Quote the entries below from the line with "Ecologico: questa palestra" through the line with "Contains Alpha-Ketoglutarate (AKG)", both ends included, and only those lines.

*PROVIDED RECORDS*:
===============
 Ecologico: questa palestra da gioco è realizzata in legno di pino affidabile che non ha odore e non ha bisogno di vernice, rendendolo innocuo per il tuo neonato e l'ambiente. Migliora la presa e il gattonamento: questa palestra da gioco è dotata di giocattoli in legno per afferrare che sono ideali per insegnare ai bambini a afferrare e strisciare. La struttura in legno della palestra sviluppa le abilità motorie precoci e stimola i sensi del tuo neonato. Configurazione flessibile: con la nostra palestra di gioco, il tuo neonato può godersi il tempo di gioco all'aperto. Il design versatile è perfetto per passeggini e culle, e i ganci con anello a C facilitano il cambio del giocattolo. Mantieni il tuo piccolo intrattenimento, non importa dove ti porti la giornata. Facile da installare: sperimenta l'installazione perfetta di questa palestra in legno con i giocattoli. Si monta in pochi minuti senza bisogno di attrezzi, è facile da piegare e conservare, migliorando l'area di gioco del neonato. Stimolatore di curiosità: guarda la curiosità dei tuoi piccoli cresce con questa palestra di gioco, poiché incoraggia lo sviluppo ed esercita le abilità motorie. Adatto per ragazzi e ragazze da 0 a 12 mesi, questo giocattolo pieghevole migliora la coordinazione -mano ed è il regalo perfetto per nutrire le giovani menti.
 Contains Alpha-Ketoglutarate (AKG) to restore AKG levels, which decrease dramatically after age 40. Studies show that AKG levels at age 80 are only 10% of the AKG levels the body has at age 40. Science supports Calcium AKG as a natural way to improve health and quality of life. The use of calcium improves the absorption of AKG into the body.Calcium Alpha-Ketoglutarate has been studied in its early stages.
===============
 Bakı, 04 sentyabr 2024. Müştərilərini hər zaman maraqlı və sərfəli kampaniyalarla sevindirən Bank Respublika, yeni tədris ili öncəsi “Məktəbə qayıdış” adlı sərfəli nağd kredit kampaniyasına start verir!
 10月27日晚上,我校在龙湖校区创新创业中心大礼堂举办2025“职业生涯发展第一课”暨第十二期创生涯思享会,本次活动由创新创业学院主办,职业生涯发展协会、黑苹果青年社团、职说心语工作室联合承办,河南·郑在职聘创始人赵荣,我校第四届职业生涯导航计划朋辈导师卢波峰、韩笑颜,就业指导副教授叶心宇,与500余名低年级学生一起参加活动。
===============
*RESPONSE AREA*:
 Ecologico: questa palestra da gioco è realizzata in legno di pino affidabile che non ha odore e non ha bisogno di vernice, rendendolo innocuo per il tuo neonato e l'ambiente. Migliora la presa e il gattonamento: questa palestra da gioco è dotata di giocattoli in legno per afferrare che sono ideali per insegnare ai bambini a afferrare e strisciare. La struttura in legno della palestra sviluppa le abilità motorie precoci e stimola i sensi del tuo neonato. Configurazione flessibile: con la nostra palestra di gioco, il tuo neonato può godersi il tempo di gioco all'aperto. Il design versatile è perfetto per passeggini e culle, e i ganci con anello a C facilitano il cambio del giocattolo. Mantieni il tuo piccolo intrattenimento, non importa dove ti porti la giornata. Facile da installare: sperimenta l'installazione perfetta di questa palestra in legno con i giocattoli. Si monta in pochi minuti senza bisogno di attrezzi, è facile da piegare e conservare, migliorando l'area di gioco del neonato. Stimolatore di curiosità: guarda la curiosità dei tuoi piccoli cresce con questa palestra di gioco, poiché incoraggia lo sviluppo ed esercita le abilità motorie. Adatto per ragazzi e ragazze da 0 a 12 mesi, questo giocattolo pieghevole migliora la coordinazione -mano ed è il regalo perfetto per nutrire le giovani menti.
 Contains Alpha-Ketoglutarate (AKG) to restore AKG levels, which decrease dramatically after age 40. Studies show that AKG levels at age 80 are only 10% of the AKG levels the body has at age 40. Science supports Calcium AKG as a natural way to improve health and quality of life. The use of calcium improves the absorption of AKG into the body.Calcium Alpha-Ketoglutarate has been studied in its early stages.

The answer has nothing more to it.